### Information
::::::::

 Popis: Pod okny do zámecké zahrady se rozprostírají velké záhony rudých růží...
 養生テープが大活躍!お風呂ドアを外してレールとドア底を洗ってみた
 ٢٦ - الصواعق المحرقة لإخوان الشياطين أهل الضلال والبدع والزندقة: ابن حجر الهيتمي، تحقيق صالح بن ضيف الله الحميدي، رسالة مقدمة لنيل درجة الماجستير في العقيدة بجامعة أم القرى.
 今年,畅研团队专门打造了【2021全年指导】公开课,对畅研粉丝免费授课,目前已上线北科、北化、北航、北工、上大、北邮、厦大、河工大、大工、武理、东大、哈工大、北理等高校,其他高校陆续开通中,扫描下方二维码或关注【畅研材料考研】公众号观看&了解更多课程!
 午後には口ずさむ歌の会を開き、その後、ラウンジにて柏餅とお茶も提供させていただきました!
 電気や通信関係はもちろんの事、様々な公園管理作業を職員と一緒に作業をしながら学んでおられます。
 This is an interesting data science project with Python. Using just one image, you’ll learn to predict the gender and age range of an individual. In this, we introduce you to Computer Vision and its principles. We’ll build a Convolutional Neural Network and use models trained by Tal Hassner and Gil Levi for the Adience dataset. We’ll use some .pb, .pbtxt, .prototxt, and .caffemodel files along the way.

::::::::

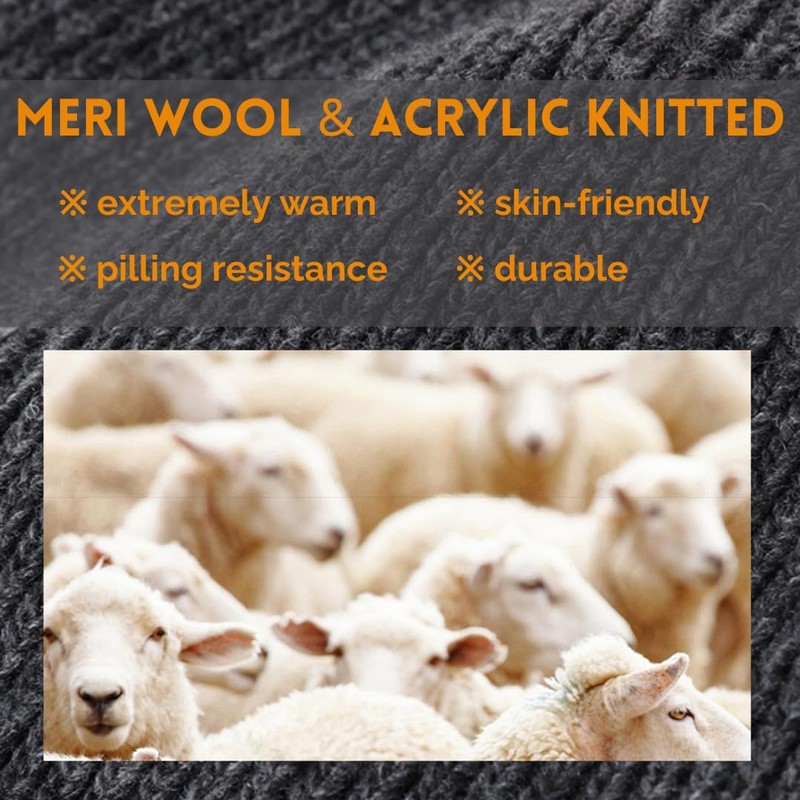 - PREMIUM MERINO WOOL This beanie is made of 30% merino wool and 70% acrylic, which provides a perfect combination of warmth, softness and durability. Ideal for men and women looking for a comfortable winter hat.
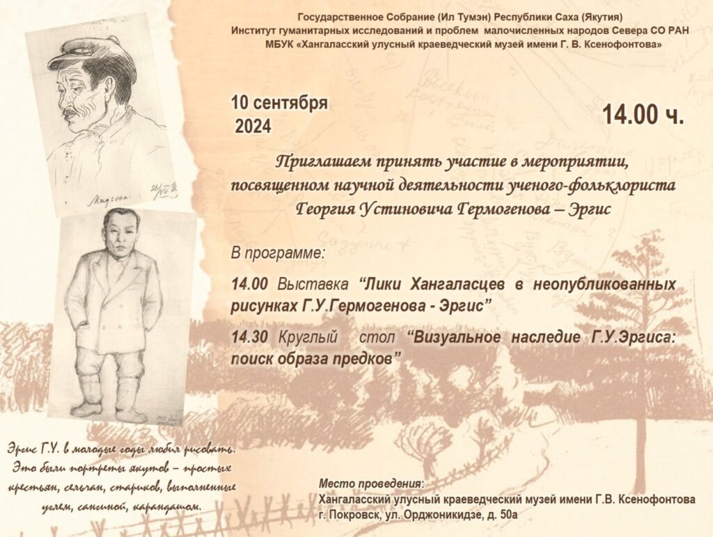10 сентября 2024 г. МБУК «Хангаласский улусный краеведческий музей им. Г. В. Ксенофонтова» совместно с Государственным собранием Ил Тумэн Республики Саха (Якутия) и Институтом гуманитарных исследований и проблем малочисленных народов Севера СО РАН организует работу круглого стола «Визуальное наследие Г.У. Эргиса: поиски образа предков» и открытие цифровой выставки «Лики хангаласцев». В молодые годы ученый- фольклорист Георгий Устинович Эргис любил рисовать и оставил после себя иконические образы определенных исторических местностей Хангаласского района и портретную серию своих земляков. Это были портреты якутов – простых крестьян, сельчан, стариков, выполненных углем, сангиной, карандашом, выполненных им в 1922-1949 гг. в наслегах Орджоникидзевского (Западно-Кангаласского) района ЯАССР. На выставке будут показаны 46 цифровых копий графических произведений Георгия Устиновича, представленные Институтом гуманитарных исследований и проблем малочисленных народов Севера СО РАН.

::::::::

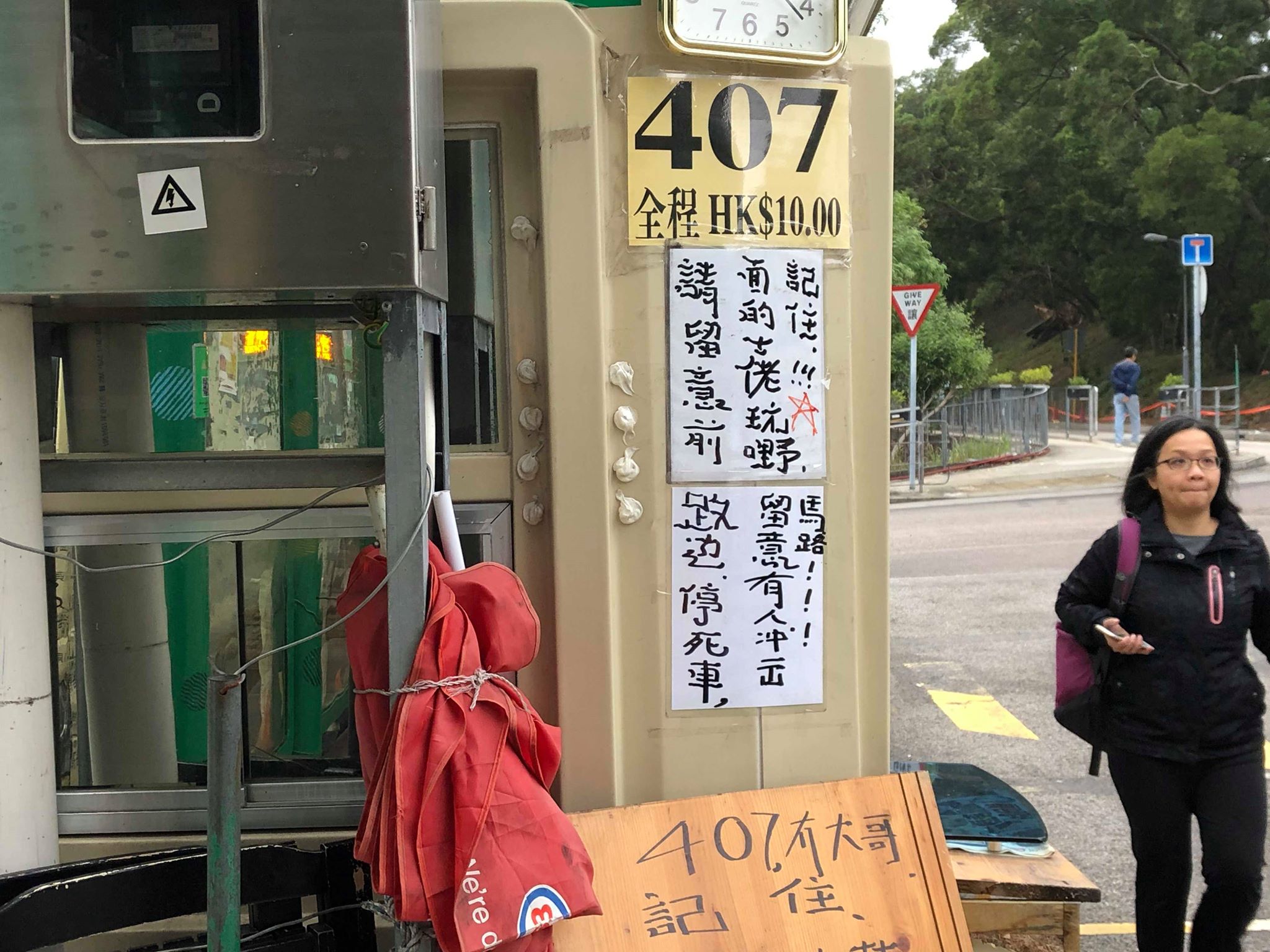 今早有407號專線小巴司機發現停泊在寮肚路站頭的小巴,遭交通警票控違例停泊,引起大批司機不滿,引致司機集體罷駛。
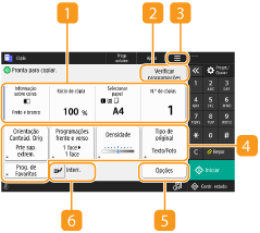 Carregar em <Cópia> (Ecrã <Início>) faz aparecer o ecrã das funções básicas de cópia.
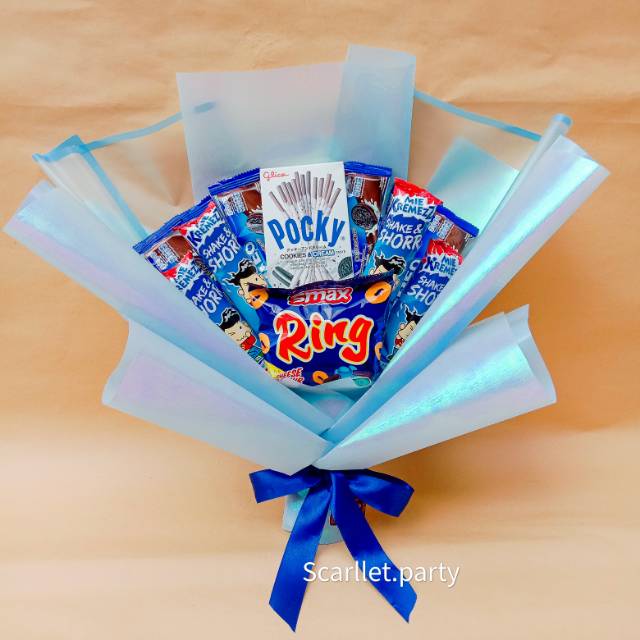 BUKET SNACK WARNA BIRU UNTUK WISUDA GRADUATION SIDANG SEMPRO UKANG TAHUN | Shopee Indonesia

::::::::

### What to do
Reproduce word for word the material above, starting with the line that has "Popis: Pod okny" and stopping after the line that has "٢٦ - الصواعق".

### Exercise result
 Popis: Pod okny do zámecké zahrady se rozprostírají velké záhony rudých růží...
 養生テープが大活躍!お風呂ドアを外してレールとドア底を洗ってみた
 ٢٦ - الصواعق المحرقة لإخوان الشياطين أهل الضلال والبدع والزندقة: ابن حجر الهيتمي، تحقيق صالح بن ضيف الله الحميدي، رسالة مقدمة لنيل درجة الماجستير في العقيدة بجامعة أم القرى.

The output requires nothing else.